Content-Addressed Storage with SHA-256

The core storage layer implements immutable content addressing where every piece of data is identified by its SHA-256 hash. Here’s how the storage result tracking works:

// From include/yams/api/content_store.h
struct StoreResult {
    std::string contentHash;               // SHA-256 hash of the content
    uint64_t bytesStored = 0;             // Total bytes stored
    uint64_t bytesDeduped = 0;            // Bytes saved by deduplication
    std::chrono::milliseconds duration{0}; // Operation duration

    // Calculate deduplication ratio
    [[nodiscard]] double dedupRatio() const noexcept {
        return bytesStored > 0 ?
            static_cast<double>(bytesDeduped) / bytesStored : 0.0;
    }
};

This approach guarantees content integrity and enables automatic deduplication—identical content gets the same hash, stored only once.

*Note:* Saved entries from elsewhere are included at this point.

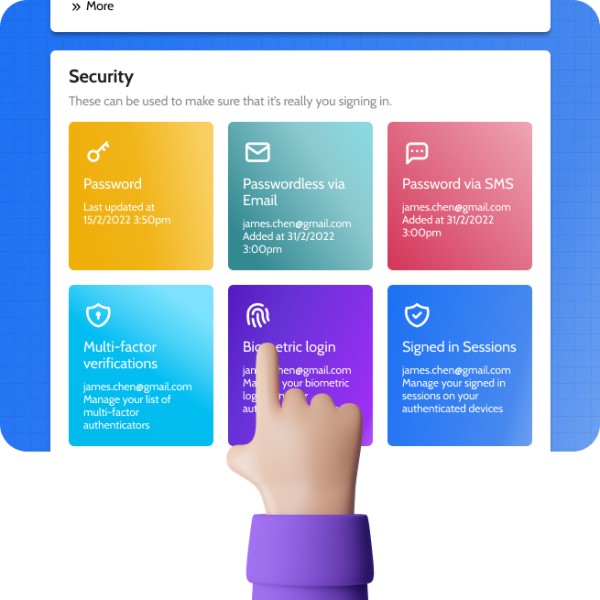 Empower your users to have more control over their credentials and activities with the pre-built account setting page. Customers can manage their identities, change their passwords, manage their authentication methods, set up 2FA, revoke signed in sessions, or even edit their profile information without having to contact the support team.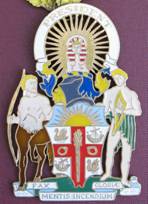 The badge shows the College coat-of-arms complete with motto and enamelled in full colour. Around the sunburst at the top is a band inscribed "President". The badge measures 9.7 x 6.4 cm, and weighs 102 g.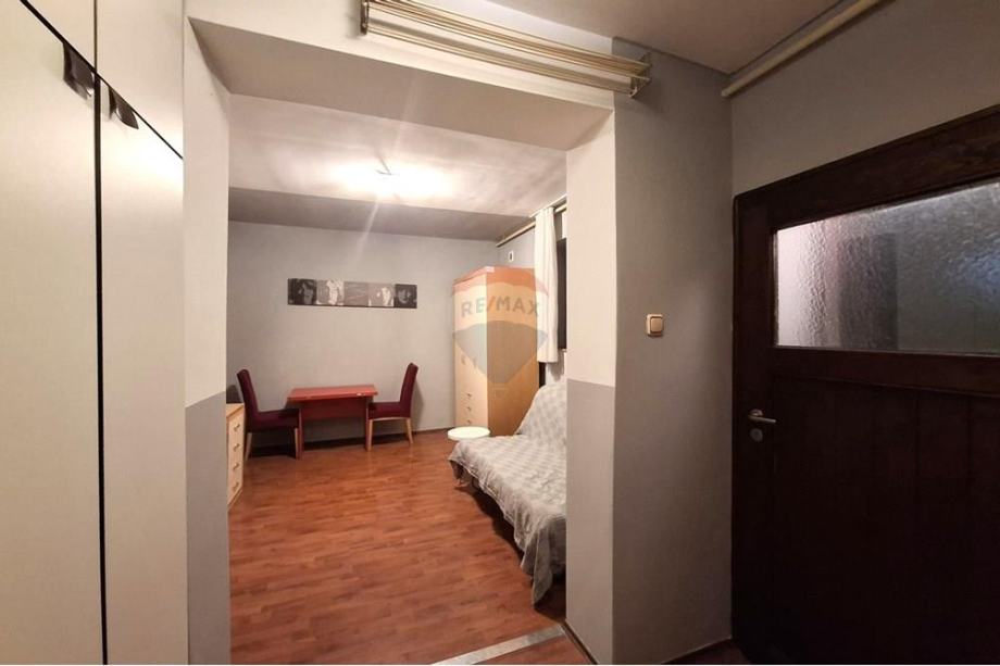 Stambeni dio sastoji se od jedne sobe, kuhinje i kupaonice s WC-om. Raspored je jednostavan i funkcionalan, a prostor je prikladan za osobu koja traži manji stan u dobro povezanoj gradskoj četvrti. Podovi su obloženi parketom, a stan ima sve osnovne komunalne priključke (voda, struja).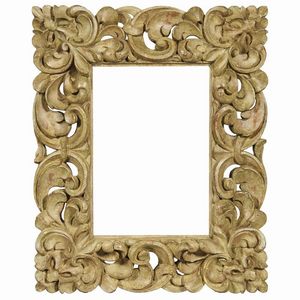 CORNICE, FIRENZE, SECOLO XVII in legno intagliato e laccato, battuta a gola interamente contornata da ricco intaglio [..]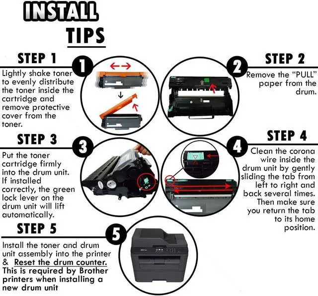 These Inkfirst compatible remanufactured TN-630 DR-630 black toner cartridges & drums are manufactured in ISO9001 and ISO40001 certified manufacturing facilities. These Brother TN-630 DR-630 replacement toner cartridges are cost-effective and they offer professional high printing quality for all your printing needs. You'll be getting the same OEM Brother TN-630 (TN630) toner cartridges & DR-630 (DR630) drum unit printing quality but only at a fraction of the cost. Save even more now with the purchasing of this value pack of 2 Brother TN-630 DR-630 compatible toner cartridges & drums. These replacement Brother TN-630 DR-630 toner cartridges & drums are for use in the following Brother printers: Brother DCP-L2520DW/ DCP-L2540DW/ HL-L2300D/ HL-L2305W/ HL-L2320D/ HL-L2340DW/ HL-L2360DW/ HL-L2380DW/ MFC-L2700DW/ MFC-L2720DW/ MFC-L2740DW.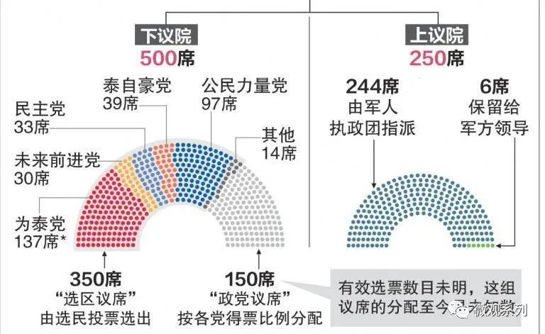 原本泰国众议院议有500个席位,现在加入参议院250席位,也就是总共750席位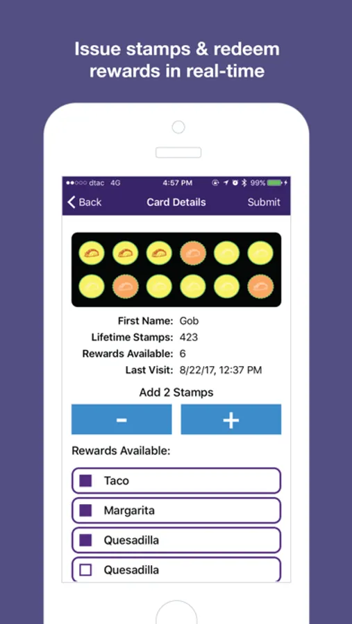 - increase or decrease the number of stamps on your customers' Loopy Loyalty digital stamp card,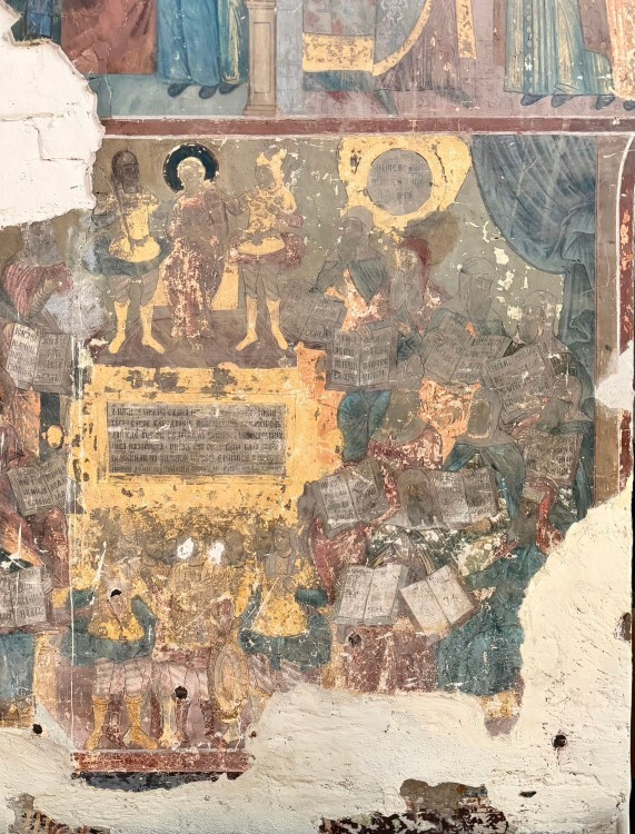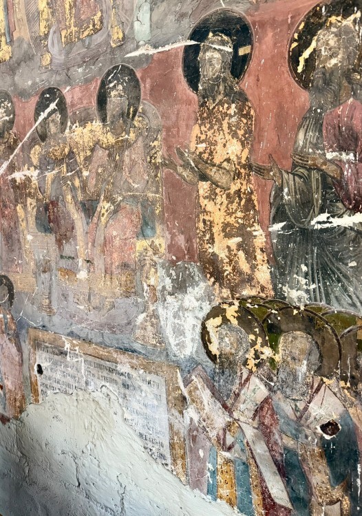 Во время обследования реставраторы обнаружили многочисленные повреждения, включая следы поздних вмешательств и участки, полностью перекрытые более поздними слоями живописи. Особое внимание привлекли повреждения, похожие на пулевые пробоины. Подтверждением этой версии стала найденная металлическая пуля, расположенная рядом с изображением Христа в сцене «Тайная вечеря» на южной стене храма.

Rabin Fingerprinting for Block-Level Deduplication

Beyond document-level deduplication, YAMS uses Rabin fingerprinting to identify common subsequences across different documents. The implementation delivers ~187 MB/s chunking throughput (benchmarked on 1MB files), achieving 30-40% deduplication on typical development datasets while enabling real-time chunking at gigabit ingestion speeds.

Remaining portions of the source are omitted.